**What to produce**
Could the records below be restated word for word, without a single picture?

——————

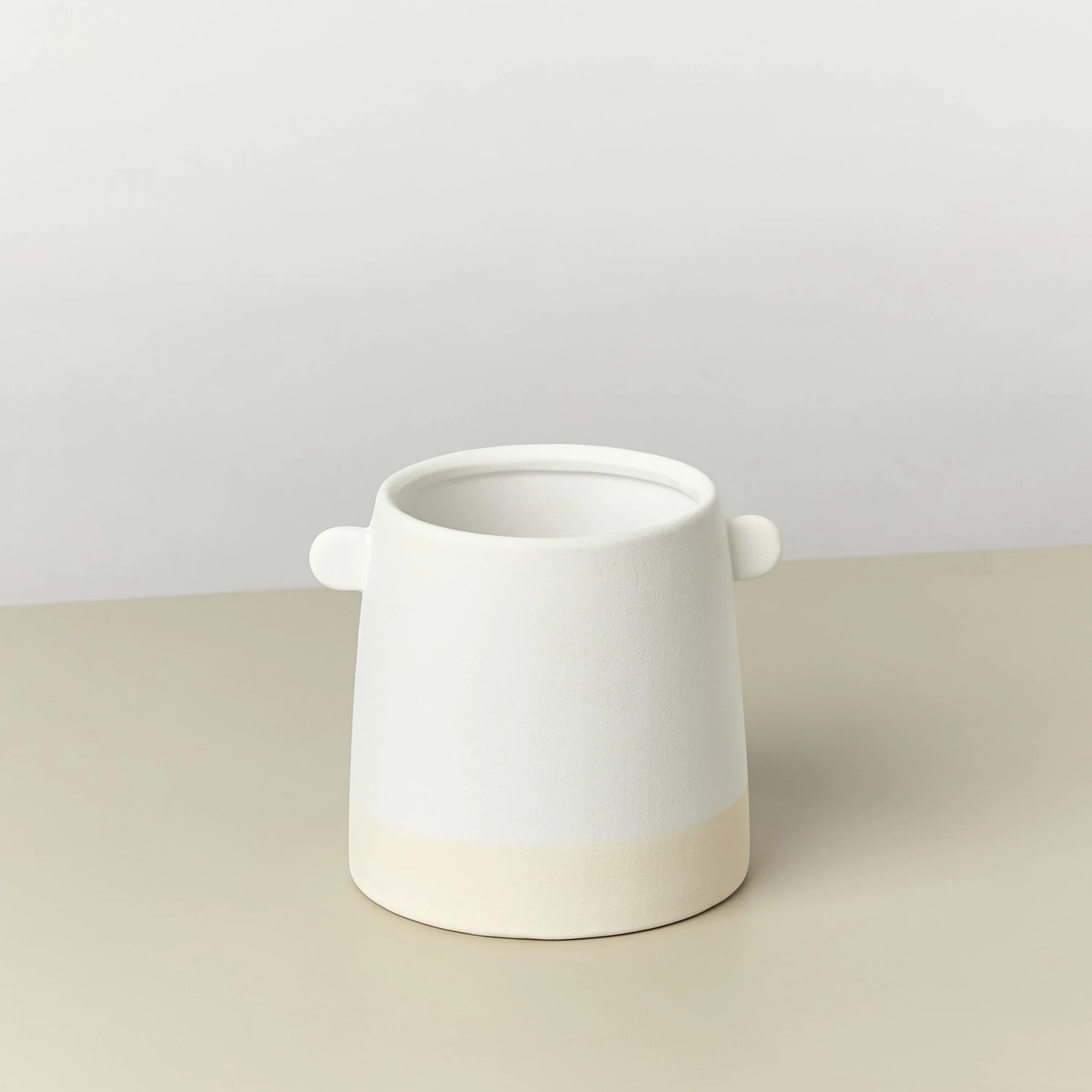 The Knob Cylinder Pot is a simple yet stylish ceramic piece featuring two knobs at the top of the pot.
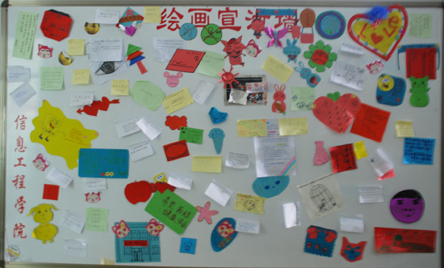 信息工程学院据“5.25”心理健康教育月系列活动安排表进程,大学生心理健康教育月活动如火如荼地进行着,5月23日,在金忠伟院长的指导和带领下,信息工程学院师生紧扣“播撒心灵阳光,创建和谐校园”活动主题共同设计出“绘画宣泄墙”制定方案,并于5月24日共同完成“绘画宣泄墙”。
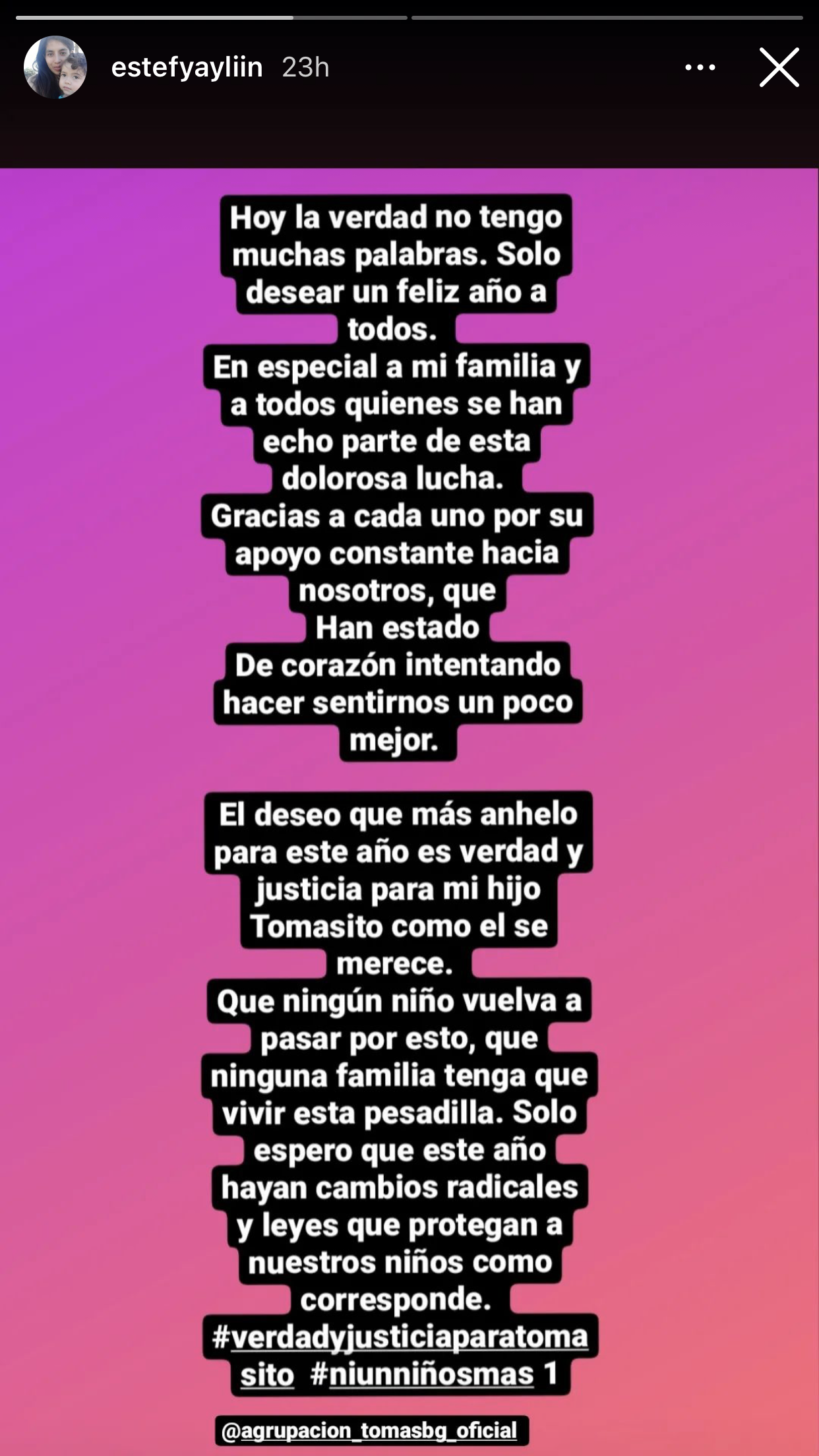 A través de sus redes sociales, Estefanía Gutiérrez reveló sus mayores deseos para este año 2022. "Que ningún niño vuelva a pasar por esto, que ninguna familia tenga vivir esta pesadilla", señaló.
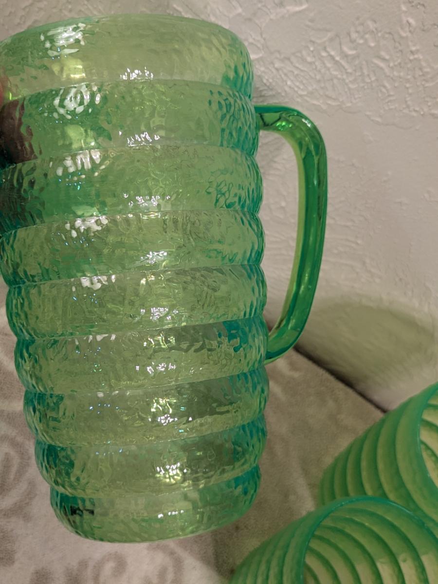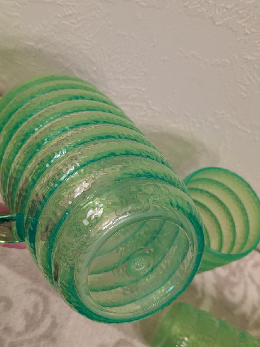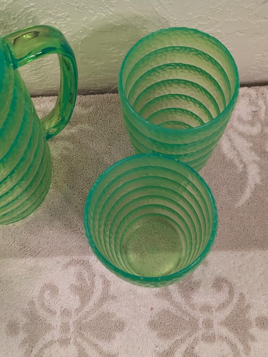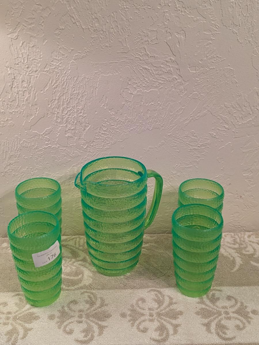 Emerald green acrylic or plastic pitcher and tumblers
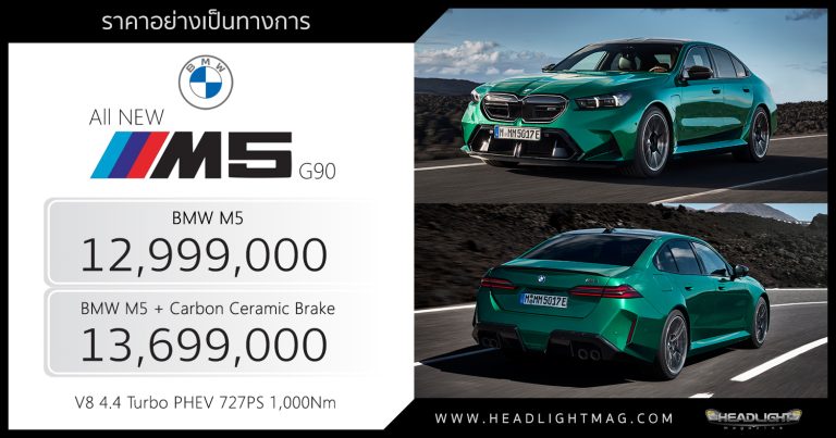 ราคาอย่างเป็นทางการ All NEW BMW M5 (G90) BMW M5 : 12,99 … อ่านเพิ่มเติม ราคาอย่างเป็นทางการ All NEW BMW M5 (G90) : 12,999,000 – 13,699,000 บาท | เบนซิน V8 4.4L Turbo PHEV 728 แรงม้า

——————

**Written answer**
 The Knob Cylinder Pot is a simple yet stylish ceramic piece featuring two knobs at the top of the pot.
 信息工程学院据“5.25”心理健康教育月系列活动安排表进程,大学生心理健康教育月活动如火如荼地进行着,5月23日,在金忠伟院长的指导和带领下,信息工程学院师生紧扣“播撒心灵阳光,创建和谐校园”活动主题共同设计出“绘画宣泄墙”制定方案,并于5月24日共同完成“绘画宣泄墙”。
 A través de sus redes sociales, Estefanía Gutiérrez reveló sus mayores deseos para este año 2022. "Que ningún niño vuelva a pasar por esto, que ninguna familia tenga vivir esta pesadilla", señaló.
 Emerald green acrylic or plastic pitcher and tumblers
 ราคาอย่างเป็นทางการ All NEW BMW M5 (G90) BMW M5 : 12,99 … อ่านเพิ่มเติม ราคาอย่างเป็นทางการ All NEW BMW M5 (G90) : 12,999,000 – 13,699,000 บาท | เบนซิน V8 4.4L Turbo PHEV 728 แรงม้า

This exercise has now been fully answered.